Carbon quantum dots capped with metal ions for efficient optoelectronic applications

Abstract

Fluorescent carbon dots (C-dots) with high optical properties and biocompatibility have great potential for various types of optoelectronic applications. Although many approaches have been used for producing high-quality C-dots, it is still a challenge to produce high-quality C-dots with required properties via a simple and efficient approach. In this work, by controlling the addition of different types of divalent (e.g. Mn and Sr) or trivalent (e.g. Al, Ga and In) metal ions, we synthesized fluorescent C-dots with single or double emissions with quantum yield (QY) as high as 61% using a simple heating approach. Transient fluorescence spectroscopy and transient absorption spectroscopy reveal that the double emission and an excitation-dependent photoluminescence behavior of trivalent ion-capped C-dots originate from the existence of multiple energy levels.
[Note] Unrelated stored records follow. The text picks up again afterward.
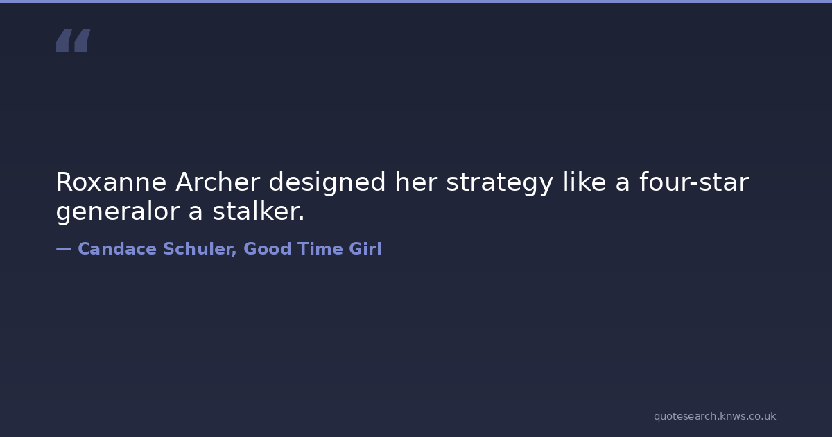 Roxanne Archer designed her strategy like a four-star generalor a stalker. romance Download Image Share on X Share on Facebook Copy Link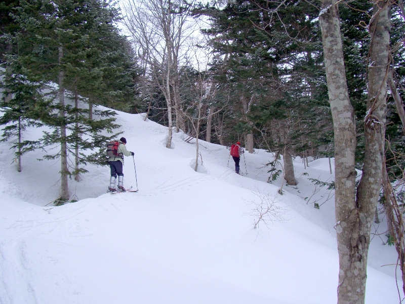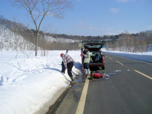 | 2007.3.4/曇りのち晴 国道脇に車を止めて、林道に入り右手の尾根に取り付く。正面にピークを見ながら忠実に尾根を辿って いく。 低山だが、上の方は広いスロープになっており、十分楽しめる。ピークから黄金山がよく見える。 ![]() ![]() ![]() (コースタイム) 国道駐車地点 1:35 当別丸山 0:35 駐車地点 |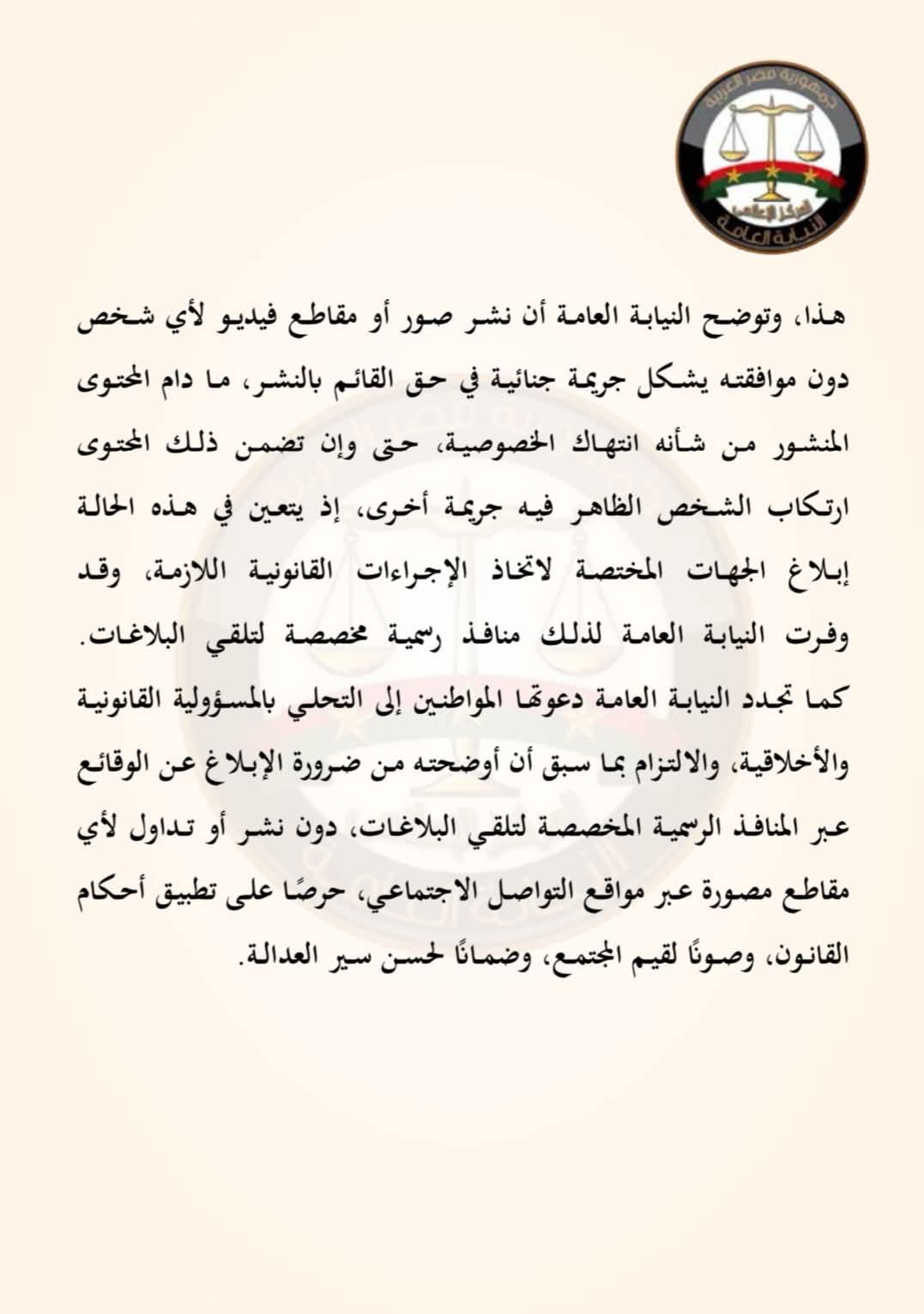 هذا، وتوضح النيابة العامة أن نشر صور أو مقاطع فيديو لأي شخص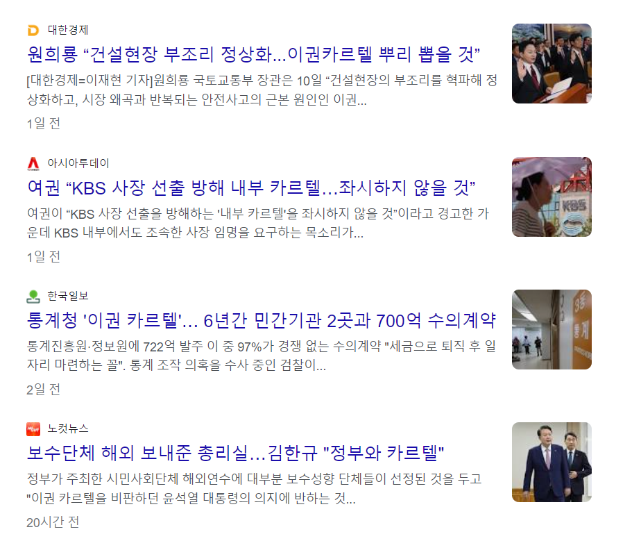 사교육 이권 카르텔이라는 단어를 정부가 직접 만들어서 사용을 한 사례입니다. 최근 발생한 철근 누락 아파트 사고관련하여 원희룡 장관은 근본 원인인 이권 카르텔을 뿌리 뽑는 데 앞장서겠다고 밝히면서 카르텔을 언급하였습니다.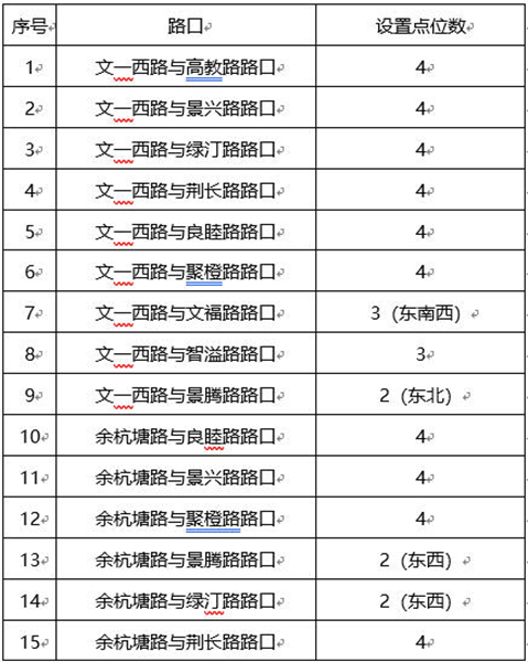 余杭区 余杭区按照功能优先、安全美观的原则,通过实地踏勘并结合2025年市民群众意见反馈,计划于5月底在文一西路、余杭塘路等主要路口设置安装52顶非机动车道遮阳棚。市民朋友如有相关意见建议,可致电89516547反映。 余杭区非机动车道遮阳棚安装点位清单

Based on these optical properties, the as-prepared C-dots can be effectively used as building blocks for fabricating various types of optoelectronic devices. A single emission Mn-C-dot based large-area luminescent solar concentrator (LSC) (225 cm²) achieved a power conversion efficiency (PCE) of 1.3% under natural sunlight (50 mA cm⁻²); double emission Al–C-dots showed excitation wavelength dependent fluorescent codes, showing great potential for application in developing anti-counterfeiting codes; and magnetic tests showed that Mn-capped C-dots are superparamagnetic and this may be useful for magnetically driven fluorescence imaging in biomedical applications. This study offers an eco-friendly and efficient approach for producing large-scale high-quality C-dots, demonstrating great potential for optical and electrical applications.